9月20日 Aチーム
妹 「大学は、少し休みなのよ」
俺 「なんで?」
柚月は、休みみたいだった。急に来るから驚いた。
妹 「後期は、だいぶ単位減らしたの」
俺 「前期とった感じ?」
柚月は、教育学部でいずれ先生の免許も取りたいらしい。
妹 「そうそう。後、バスケもしたいしね」
俺 「そりゃあ、大変だな」
昔と変わらず、バスケに情熱を注げる柚月が羨ましかった。
妹 「そんな中、こうして来たんだから感謝してよね」
俺 「まぁ、そうだな」
なぜ、感謝しないといけないかはあまり理解できない。
妹 「今日は、サッカー練習終わり?」
俺 「ああ。

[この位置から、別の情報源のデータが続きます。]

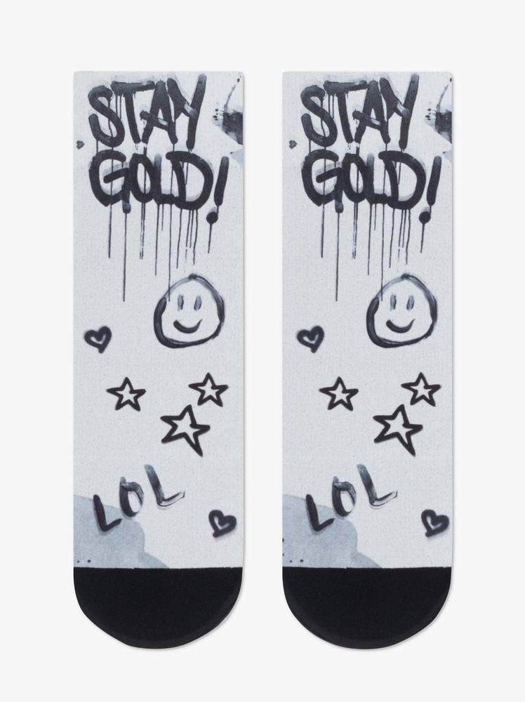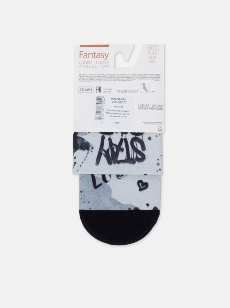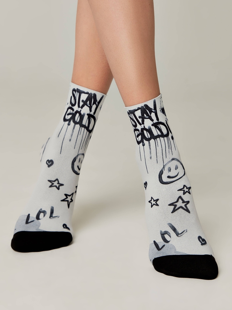 Плотные носки с особенно устойчивым рисунком, нанесенным с помощью термотрансферной печати, станут стильным и индивидуальным акцентом в повседневных образах. Термотрансферная печать - процесс, при котором специальная краска на бумажном носителе резко нагревается, переходит из твердого состояния в газообразное и переносится с бумаги на носки, глубоко проникая в волокна и создавая устойчивое изображение. · 70 den· плотные и эластичные· рисунок, нанесенный с помощью термотрасферной печати· использование черной полиамидной нити для контрастности рисунка· мысок выделен черной полиамидной нитью· эффект 3D· c бортом· без пятки· стиль начинается с индивидуальности.

今は、なかなか全体練習できてないけどな」
悔しいけど、今はみんなの練習を見守るしかできない。
妹 「別メニュー?」
俺 「そうだ」
妹 「別メニューって、嫌だよね」
柚月は、共感してくれたみたいだった。
俺 「そうなんだよ」
妹 「なんか、苦しくて」
俺 「柚月も別メニューなのか?」
妹 「そうなの」
なんで、別メニューなのだろうか?
俺 「どっか怪我してるのか?」
妹 「いや、そうじゃないよ」
俺の顔を見てきた。
俺 「だったら、なんで別メニューなの?」
妹 「最近、Aチーム上がったんだけどね、、」
俺 「凄いじゃないか」
かぶせ気味に答えてしまった。
妹 「でも、Aチームだとレギュラーメンバーとまだまだやれる実力じゃないから、外されることが多いんだよ」
さすが名門校だ。でも、バスケは柚月もそこそこ上手いはず。やっぱり、上には上がいるんだろうな。
俺 「外された時は、何してるの?」
妹 「外された時は、ずっと走ったりしてるよ」
ずっと走るのか。大変そうだな。柚月のことだから、文句も全然言わないことだろう。
俺 「そうなの?」
妹 「うん。まだまだ、そんな実力はないよ」
いつか柚月が日の目を浴びたらいいな。
俺 「まぁ、一緒に頑張ろうぜ」
妹 「そうだね」
以前会った時より、髪の毛が長くなっていた。
俺 「俺は、筋トレがほとんどだよ」
妹 「暑いのに大変そうだね」
俺 「そうなんだよな」
ホントに筋トレはやめたい。どうせなら、走ってる方がマシだ。しかし、怪我した部分が脚になるからな。
妹 「早く完治したらいいね」
俺 「うん。任せろ」
柚月は、10分ほどしてまた、親と一緒に家に向かったのだった。